Sunday, January 30, 2011

Toronto Frederiton Bus

Men

as 7 months ago, was cast hugging my new boyfriend, I liked since I met him, but never made a single attempt to get closer because although I liked many about him my heart belonged to another person, he for me was just a very attractive guy. Was attached to it, wondering if I was not mistaken, it was too early? that I felt in my chest was real? or it was just something I feel so anxious that I had made it? had many questions and no answers, because for me at that moment was real, the smell intoxicated me and I just wanted to sink into their hugs and kisses taste, there was no world, no time, no problems, we were him and me against the world.

We talked about our past, we spoke of our former partners in a very general point to be prepared in case we receive one, I was still very hurt so I said a few things, he did not investigate further but told me that the institute came from a former girlfriend who was studying in front, then said that although he had done very wrong with her and had been many episodes jealous now realized that thanks to her I had met me, although there years ago and she and I probably will not ever know us, yet she is responsible for he and I are together, I took my part superb and I thought best for her but for my part if not, no, it was a beautiful gift for me that was heaven and now.
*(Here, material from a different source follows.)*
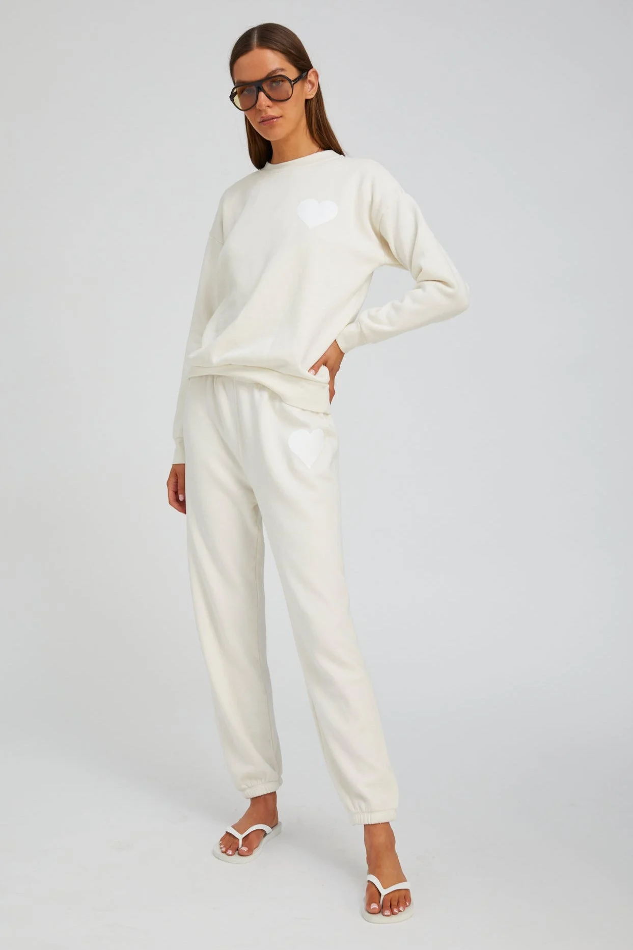 Back by popular demand is our signature heart joggers; an easy pull-on style, subtly printed with our heart logo. Renowned for their extremely soft, yet lightweight fabric, these sweatpants feature a cozy and effortless feel. For the perfect outfit, complete the look with a matching sweatshirt. COLOR: Creme, White Heart FIT & MEASUREMENTS - Fits true to size - 29" inseam, 13" rise, 9" leg opening - Kiana is 5'11 & wears size Small PRODUCT DETAILS - 50% Polyester, 38% Cotton, 12% Rayon - Machine wash cold, tumble dry low

Now that all that anger I had against many people have been dispelled, I realize that is true in my case ... my friend recommended me a lot psychopath go to meet my tutor and therefore meet my prince charming:), plus the situation with the unspeakable made me want to leave the pit so I met a very nice stage reconstruction I was forming a new life and was particularly excited, my health improved, I took up dancing and finish my thesis, it helped that he knew me no visible sadness and great momentum, something he loves to me.

Last night I wrote a letter telling him that now he understood as past experiences, but had been painful I had taken the path that led me to find it and I am very grateful to God for that, while writing my eyes clouded by tears, but tears of sadness if not a cleaner and strange, tears of happiness: ) are just holding these grudges, are ashes now paying my land and left in my hands to take them the wind, it's time to live without restraints, the maximum on the right track, everything tells me I'm in the right because the doors open as I passed, I have the support of all those around me are happy to see me happy, so many important people have returned to my life, the right people, good people, people who every day gives me something new.

The tree is known by its fruit and this tree is filling me with blessings. Yesterday I said that probably in less than 2 years I will be married ... do not know what to say, I was born instinctively say no, but if not, just said that I can not know because not only is my business but as time will tell. Time, only time will place me in the right place, while I will enjoy every second that I be granted.